WHAT YOU NEED TO DO
Copy only what lies from the line containing "1980年ごろから、20〜3" through the line containing "Chegou para inovar" in the entries below, keeping both end lines exact and dropping every picture.

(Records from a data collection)
════

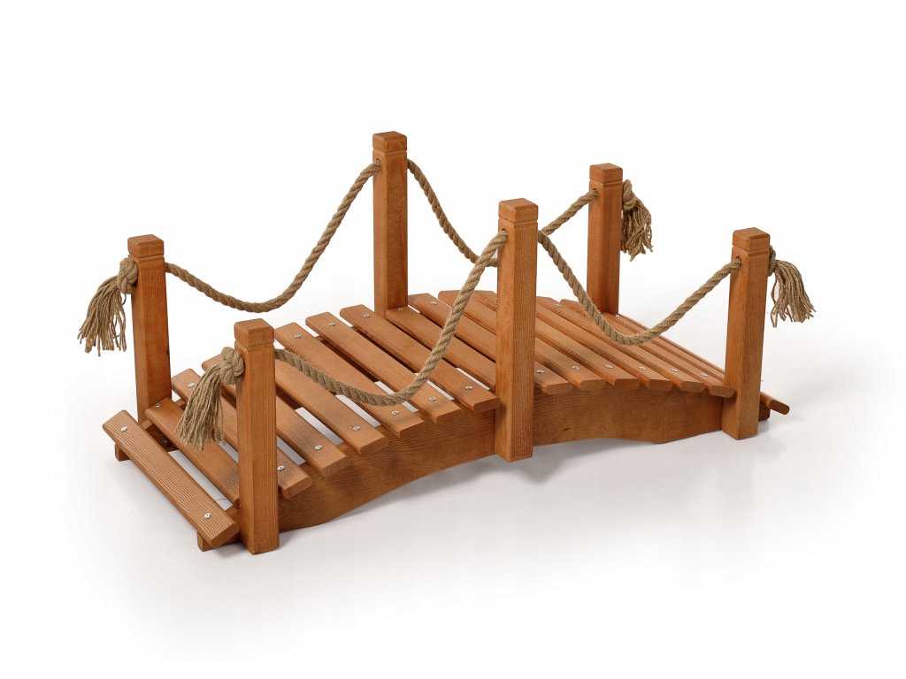 Mostek drewniany wykonany z drewna sosnowego zaimpregnowany w kolorze tik przeznaczony do ozdoby ogrodu.
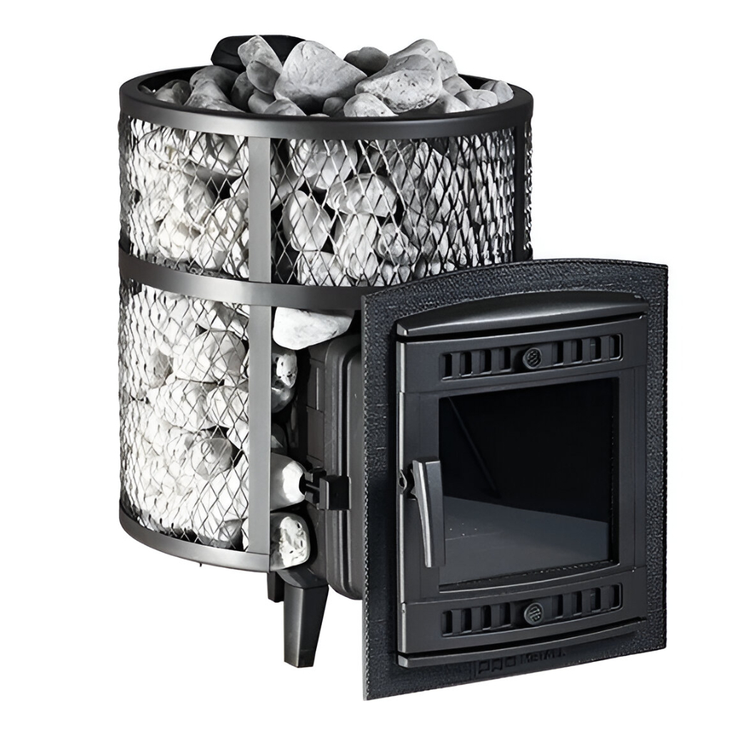 - Печь банная чугунная "Атмосфера М" сетка из нержавейки (8-14м3. d115/140мм)
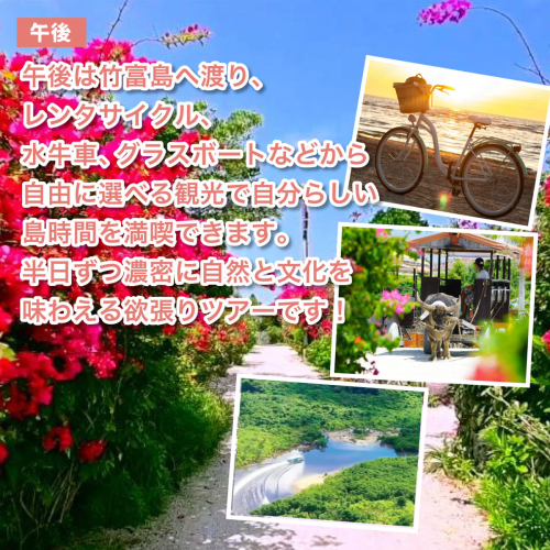 午後は竹富島へ渡り、レンタサイクル、水牛車、グラスボートなどから自由に選べる観光で自分らしい島時間を満喫できます。
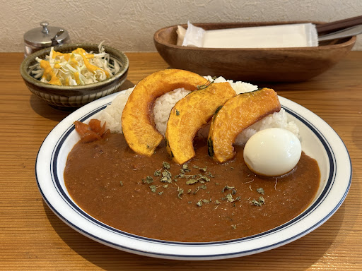Read moreとても気になってたカレー屋さんにようやく行けました。 人が多いイメージだったので、大雨の日に人が少ないかもと思いお電話で確認したところ空席ありとのことで急いで向かいました。近くのコインパーキングが40分100円で駐めれました。 13時30分に到着し、8割ほど埋まっていました。2人掛けのテーブルが3つと4人掛けのテーブル1つ、カウンターに5名座れます。おひとり様はカウンターに案内されるようで、2人掛けのテーブルが空いていてもカウンターが埋まるまではカウンターに案内されます。カウンターの端が空いていたのでそちらに座りました。すでにメニューのスープカリーとスパイシースパイシー、とんかつカレーは売り切れとのこと。ケーキセットにしポークカレーと桃のショートケーキとアイスミルクを注文。店員の女性の方がとても丁寧に対応してくださるので、ひとりでも不安なく過ごせました。 カレーはとても煮込まれてて程よくスパイシーで食べやすく、おいしいです。豚の角煮のような塊がとても柔らかかったです。ケーキもスポンジがしっとりで桃もジューシーで本当においしくて、どちらもペロリと食べてしまいました。 セットで2,000円弱くらいでした。 久々に満足のいくランチができて、本...
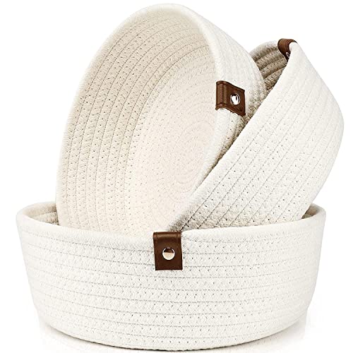 GILLY BILLY - صندوق صغير مصنوع من الجوت الطبيعي بنسبة 100% من جيلي بيلي، سلة دائرية بلون بيج، سلة بنية لغرفة الأطفال وغرفة المعيشة او الرسم والفواكه والمطبخ والمكتب والأرفف (أبيض)، 3 قطع
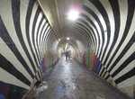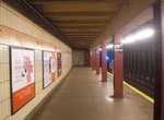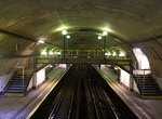 There are crossovers similar to those in the other deep-tunnelstations but here they are walled in, so you cannot see thetrains. (It is unknown whether the walls are original or lateraddition.)
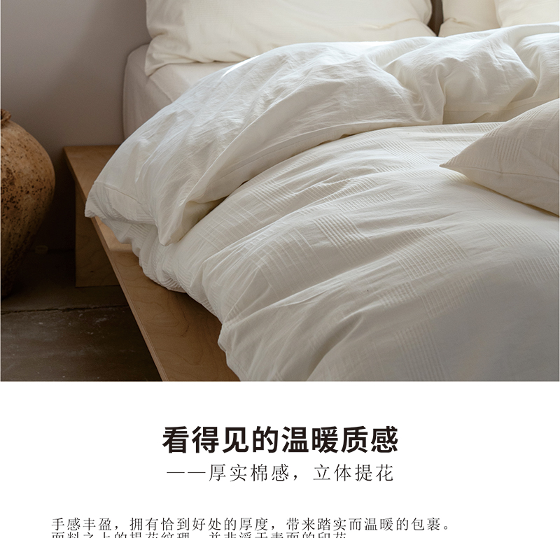 当前位置: 91家纺网 > 商品网购 > 床品套件 > 四件套 > 全棉普通四件套 > (总)明治西川 素棉水洗加厚四件套全棉提花日系慵懒风民宿酒店床品纯白YKK拉链
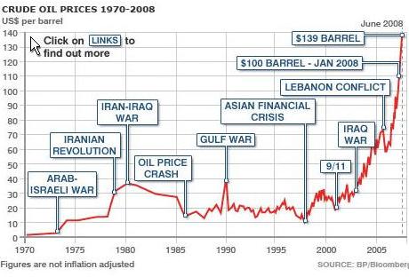 1980年ごろから、20〜30ドル程の相場だったグラフが、2003年のイラク戦争の頃からうなぎ上りとなっています。グラフを見ると1年前の2倍、5年前の5倍近くという急騰ぶりです。
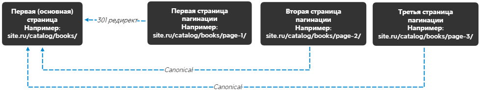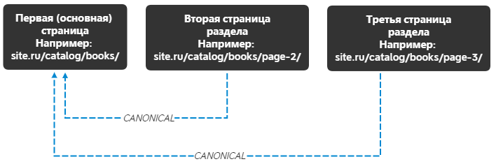 Например, на сайте есть раздел с книгами site.ru/catalog/books/, соответственно на всех страницах пагинации этого раздела: site.ru/catalog/books/page-2/ и т.д., необходимо указать канонический адрес следующего вида:
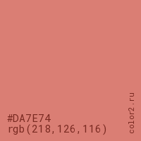 Цвет #DA7E74 в цветовой модели RGB обозначается тремя октетами (218, 126, 116) в десятичном формате и #DA7E74 в шестнадцатиричном (hex) формате, которые являются интенсивностью красного 218 (hex DA), интенсивность зелёного 126 (hex 7E) и интенсивность синего 116 (hex 74).
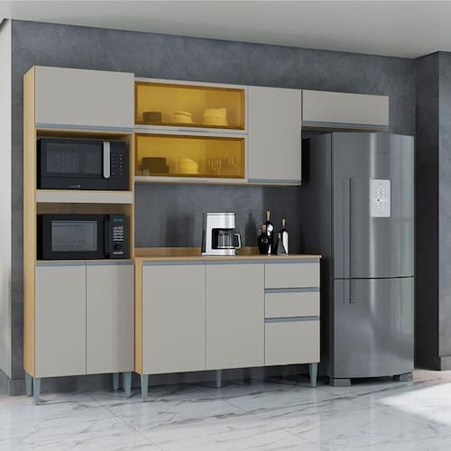 Chegou para inovar sua cozinha e proporcionar um toque especial, a Cozinha Aline composta por: Paneleiro para micro-ondas e forno, Aéreo basculante, Aéreo de Geladeira e Balcão com tampo desenvolvida pela Poquema com materiais de ótimas qualidades, maior durabilidade do móvel, conta com amplo espaço interno para melhor organizar seus utensílios, lindo design na cor Damasco Off White proporcionando modernidade ao ambiente. Não deixe de aproveitar, garanta o seu!
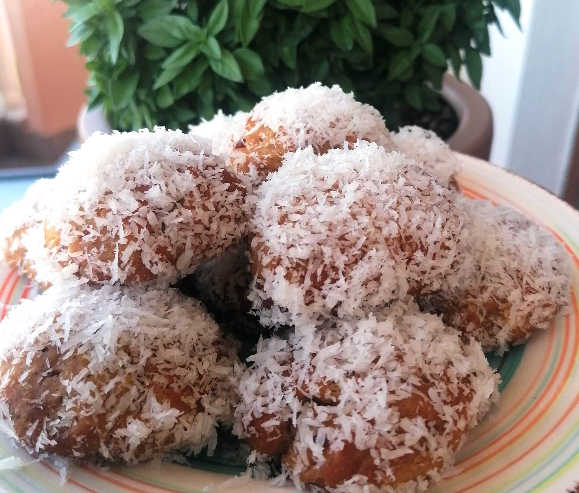 Σε ένα μπολ αναμιγνύουμε την ανθρακούχα πορτοκαλάδα, το καλαμποκελαιο, τα ξύσματα, το ινδοκαρυδο, το καρύδι και έπειτα προσθέτουμε το φαριν απ λίγο λίγο, απλά ανακατεύοντας απαλά. Δεν ζυμώνουμε. Δεν χρειάζεται όλο το αλεύρι που φουσκώνει μόνο του. Θα περισσέψει λίγο. Αμέσως μόλις, πάρει μορφή η ζύμη, σταματάμε το ανακάτεμα. Προθερμαινουμε το φούρνο και στρώνουμε λαδόκολλα σε ένα ταψί. Πλάθουμε μικρά μπαλάκια όσο ένα μικρό καρύδι και τα πιέζουμε ελαφρώς. Τα αραδιάζουμε και φροντίζουμε να έχουν λίγη απόσταση μεταξύ τους. Ψήνουμε στους 180-190′ στις αντιστάσεις για 20-25 ‘ μέχρι να ροδίσουν πάνω και κάτω. Θέλουμε να ψηθούν καλά, αλλιώς θα διαλυθούν στο σιροπιασμα.

════

ANSWER TO THE EXERCISE
 1980年ごろから、20〜30ドル程の相場だったグラフが、2003年のイラク戦争の頃からうなぎ上りとなっています。グラフを見ると1年前の2倍、5年前の5倍近くという急騰ぶりです。
 Например, на сайте есть раздел с книгами site.ru/catalog/books/, соответственно на всех страницах пагинации этого раздела: site.ru/catalog/books/page-2/ и т.д., необходимо указать канонический адрес следующего вида:
 Цвет #DA7E74 в цветовой модели RGB обозначается тремя октетами (218, 126, 116) в десятичном формате и #DA7E74 в шестнадцатиричном (hex) формате, которые являются интенсивностью красного 218 (hex DA), интенсивность зелёного 126 (hex 7E) и интенсивность синего 116 (hex 74).
 Chegou para inovar sua cozinha e proporcionar um toque especial, a Cozinha Aline composta por: Paneleiro para micro-ondas e forno, Aéreo basculante, Aéreo de Geladeira e Balcão com tampo desenvolvida pela Poquema com materiais de ótimas qualidades, maior durabilidade do móvel, conta com amplo espaço interno para melhor organizar seus utensílios, lindo design na cor Damasco Off White proporcionando modernidade ao ambiente. Não deixe de aproveitar, garanta o seu!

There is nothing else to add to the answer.